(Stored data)
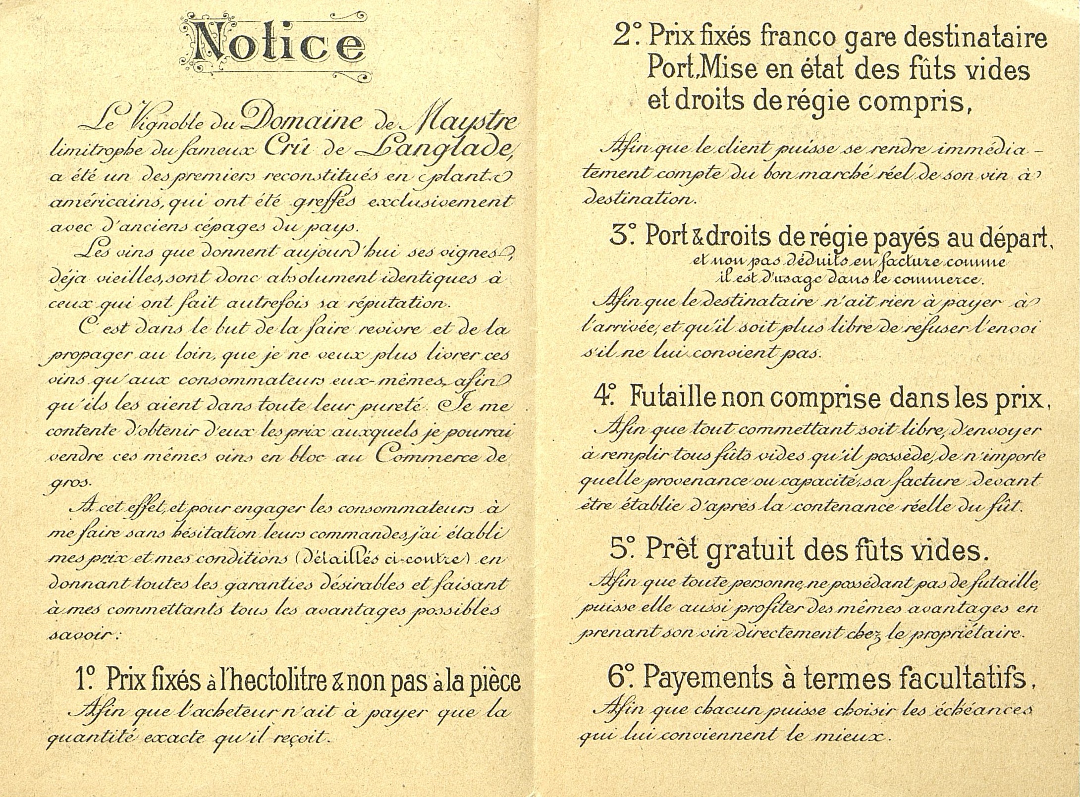 Dépliant publicitaire. Présentation des vins et des conditions de vente par correspondance.
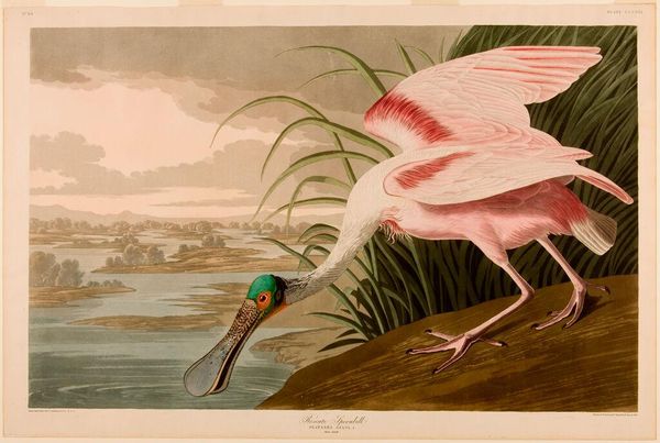 Editor: So, this is Alexander Wilson's "Birds 66. 1. Wood Ibis. 2. Scarlet I. 3. White Ibis. 4. Flamingo," made sometime between 1808 and 1814. It's a watercolor and engraving showing four different kinds of birds. I’m struck by how different the birds appear from one another – they seem almost allegorical. What do you make of the piece? Curator: Wilson's birds do have an iconic feel, don't they? Look at the poses, the deliberate placement within the landscape. Each bird represents a specific aspect of the American landscape Wilson was trying to capture, and, in turn, contribute to America’s self-image. The flamingo, for example, in its vibrant scarlet, isn't just a bird. It’s a symbol of exoticism, a tie to the Caribbean, to a wilder, more vibrant world that existed beyond the familiar. Editor: So, the colors aren’t just for realism, they’re symbolic? Curator: Exactly. Consider how color is connected to the psyche, and to cultural memory. Wilson emphasizes each bird’s distinctive characteristics. The Wood Ibis with its sombre palette speaks to solemnity. The painting doesn’t just present images of birds – it invites us to weave them into a story about a specific time, a place, and its ideals. How do you read the presence of a landscape in the backdrop? Editor: I hadn’t thought of it that way, but that makes sense. The landscape is not so much a habitat, but a blank canvas, emphasizing the symbolic presence of each of these birds. Curator: Precisely. The backdrop offers a stage upon which these iconic representations can play out. They can contribute meaning and shape the viewer's understanding of not only these creatures, but the land they occupy, the hopes for its future, and its developing identity. Editor: I see. So by putting them together like this, Wilson wasn't just showing different species, he was crafting a statement about the new nation's natural bounty and its place in the world. I’ll never look at these illustrations the same way.
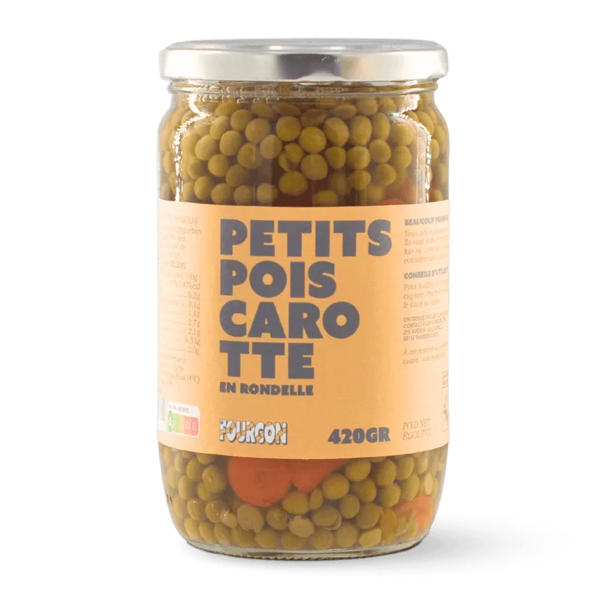 Une conserve prête à l'emploi de petits pois carottes.
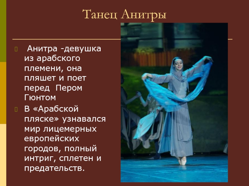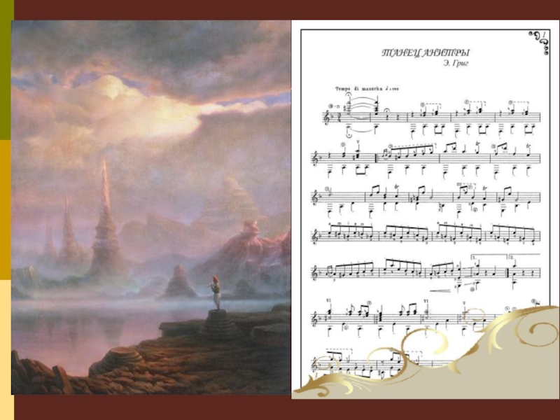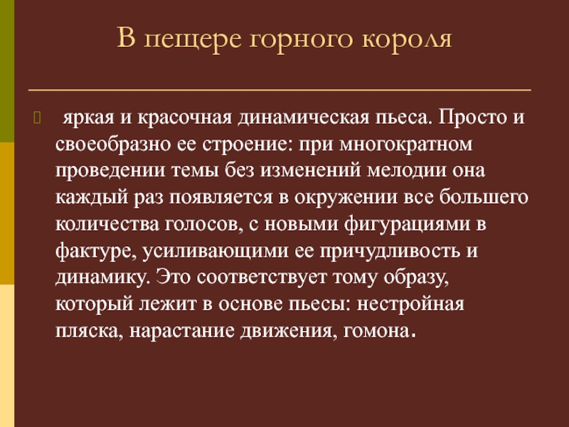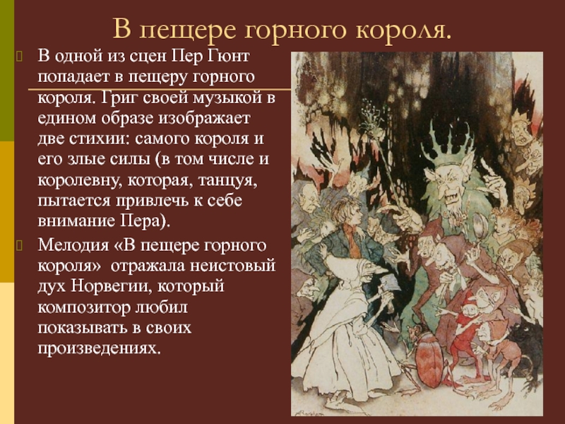 пещеру горного короля. Григ своей музыкой в едином образе изображает две стихии: самого короля и его злые силы (в том числе и королевну, которая, танцуя, пытается привлечь к себе внимание Пера).
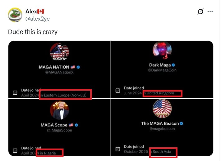 Соцсеть Х (бывший Twitter) внезапно перевернула политическое пространство мира, запустив функцию, которая показывает реальную страну, откуда ведется аккаунт. Достаточно нажать на вкладку Joined, и маска слетает.
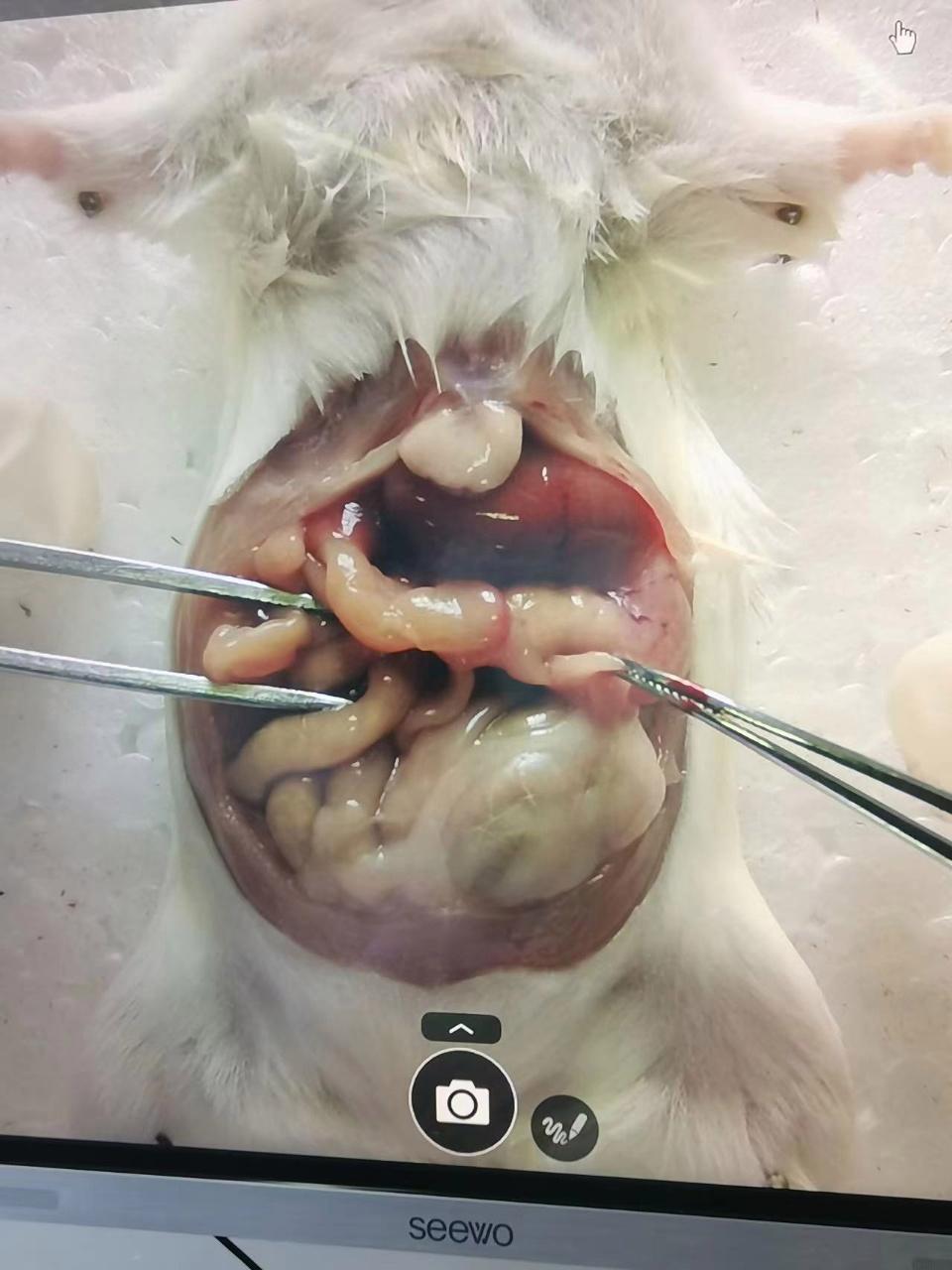 图1 课前准备标本 解剖学作为生命科学领域的基础学科,对于医学生和生物相关专业的学生来说至关重要。通过解剖实验,学生们能够直观地了解生物体的内部结构,从而深入理解生命的奥秘。然而,传统的解剖教学面临着诸多挑战。在以往的小白鼠解剖课上,教师通常在讲台上进行操作示范,由于教室空间较大,后排的学生往往难以看清教师的操作细节以及小白鼠体内复杂的器官结构。这不仅影响了学生的学习效果,也可能使部分学生因无法清晰观察而对解剖学产生畏难情绪。
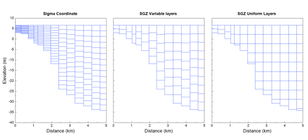 - The Sigma-Zed approach allows the number of layers to vary across the model domain.
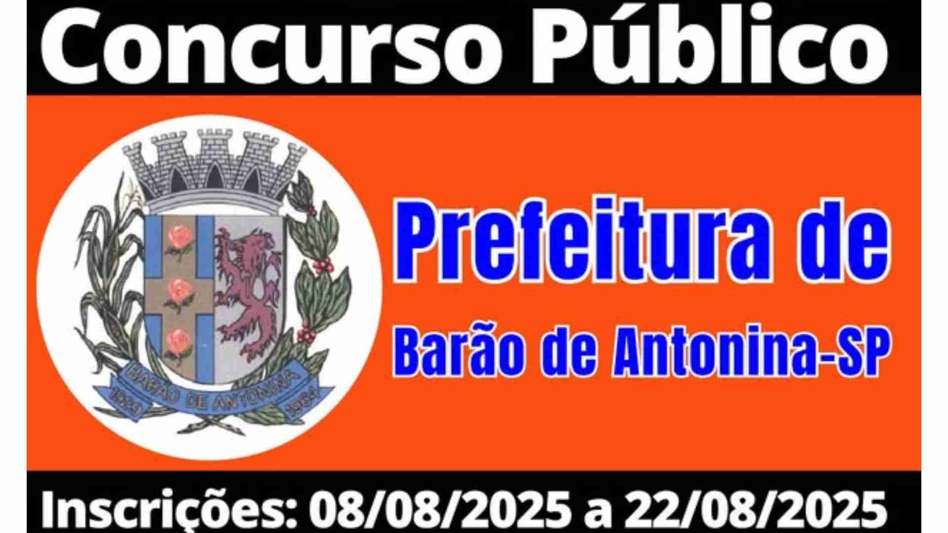 A Prefeitura de Barão de Antonina anuncia a abertura de um Concurso Público, com o objetivo de preencher 13 vagas e formar cadastro de reserva, para profissionais de níveis fundamental, médio/técnico e superior.
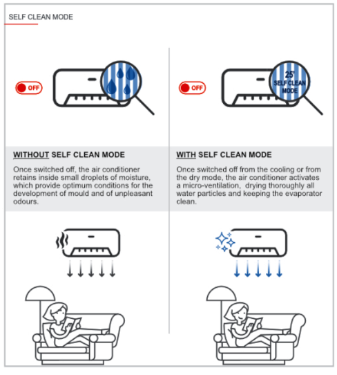 Η νέα λειτουργία Self Clean στο MSZ-AY ενεργοποιεί μικροεξαερισμό στο τέλος της ψύξης ή της αφύγρανσης, στεγνώνοντας τον εναπομείναντα υγρό αέρα και αποτρέποντας τον σχηματισμό μούχλας και οσμών.
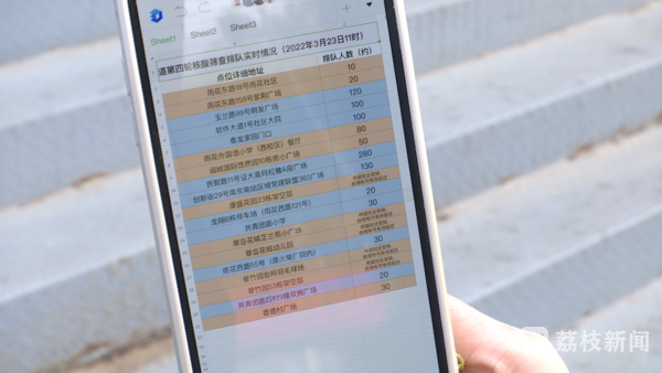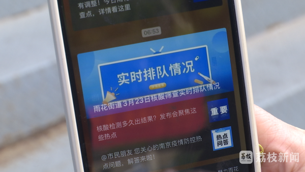 南京市雨花台区雨花街道能仁里社区网格员赵培介绍说:“每个核酸检测点的工作人员,每个小时都会报一次数据到街道,然后街道会进行一个汇总,发布到公众号上面。市民点点手机,就可以看到各个点的排队情况。”
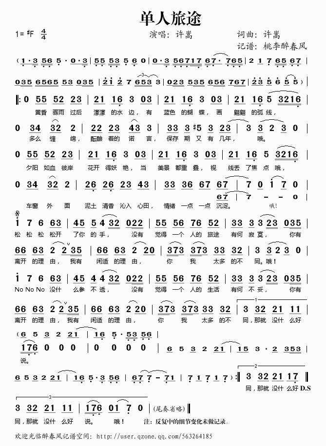 单人旅途 简谱 曲谱 歌谱

■ **TASK DIRECTIONS**
What is needed is a verbatim copy of the entries, leaving out any pictures.

■ **ANSWER TO THE PROBLEM**
 Dépliant publicitaire. Présentation des vins et des conditions de vente par correspondance.
 Editor: So, this is Alexander Wilson's "Birds 66. 1. Wood Ibis. 2. Scarlet I. 3. White Ibis. 4. Flamingo," made sometime between 1808 and 1814. It's a watercolor and engraving showing four different kinds of birds. I’m struck by how different the birds appear from one another – they seem almost allegorical. What do you make of the piece? Curator: Wilson's birds do have an iconic feel, don't they? Look at the poses, the deliberate placement within the landscape. Each bird represents a specific aspect of the American landscape Wilson was trying to capture, and, in turn, contribute to America’s self-image. The flamingo, for example, in its vibrant scarlet, isn't just a bird. It’s a symbol of exoticism, a tie to the Caribbean, to a wilder, more vibrant world that existed beyond the familiar. Editor: So, the colors aren’t just for realism, they’re symbolic? Curator: Exactly. Consider how color is connected to the psyche, and to cultural memory. Wilson emphasizes each bird’s distinctive characteristics. The Wood Ibis with its sombre palette speaks to solemnity. The painting doesn’t just present images of birds – it invites us to weave them into a story about a specific time, a place, and its ideals. How do you read the presence of a landscape in the backdrop? Editor: I hadn’t thought of it that way, but that makes sense. The landscape is not so much a habitat, but a blank canvas, emphasizing the symbolic presence of each of these birds. Curator: Precisely. The backdrop offers a stage upon which these iconic representations can play out. They can contribute meaning and shape the viewer's understanding of not only these creatures, but the land they occupy, the hopes for its future, and its developing identity. Editor: I see. So by putting them together like this, Wilson wasn't just showing different species, he was crafting a statement about the new nation's natural bounty and its place in the world. I’ll never look at these illustrations the same way.
 Une conserve prête à l'emploi de petits pois carottes.
 пещеру горного короля. Григ своей музыкой в едином образе изображает две стихии: самого короля и его злые силы (в том числе и королевну, которая, танцуя, пытается привлечь к себе внимание Пера).
 Соцсеть Х (бывший Twitter) внезапно перевернула политическое пространство мира, запустив функцию, которая показывает реальную страну, откуда ведется аккаунт. Достаточно нажать на вкладку Joined, и маска слетает.
 图1 课前准备标本 解剖学作为生命科学领域的基础学科,对于医学生和生物相关专业的学生来说至关重要。通过解剖实验,学生们能够直观地了解生物体的内部结构,从而深入理解生命的奥秘。然而,传统的解剖教学面临着诸多挑战。在以往的小白鼠解剖课上,教师通常在讲台上进行操作示范,由于教室空间较大,后排的学生往往难以看清教师的操作细节以及小白鼠体内复杂的器官结构。这不仅影响了学生的学习效果,也可能使部分学生因无法清晰观察而对解剖学产生畏难情绪。
 - The Sigma-Zed approach allows the number of layers to vary across the model domain.
 A Prefeitura de Barão de Antonina anuncia a abertura de um Concurso Público, com o objetivo de preencher 13 vagas e formar cadastro de reserva, para profissionais de níveis fundamental, médio/técnico e superior.
 Η νέα λειτουργία Self Clean στο MSZ-AY ενεργοποιεί μικροεξαερισμό στο τέλος της ψύξης ή της αφύγρανσης, στεγνώνοντας τον εναπομείναντα υγρό αέρα και αποτρέποντας τον σχηματισμό μούχλας και οσμών.
 南京市雨花台区雨花街道能仁里社区网格员赵培介绍说:“每个核酸检测点的工作人员,每个小时都会报一次数据到街道,然后街道会进行一个汇总,发布到公众号上面。市民点点手机,就可以看到各个点的排队情况。”
 单人旅途 简谱 曲谱 歌谱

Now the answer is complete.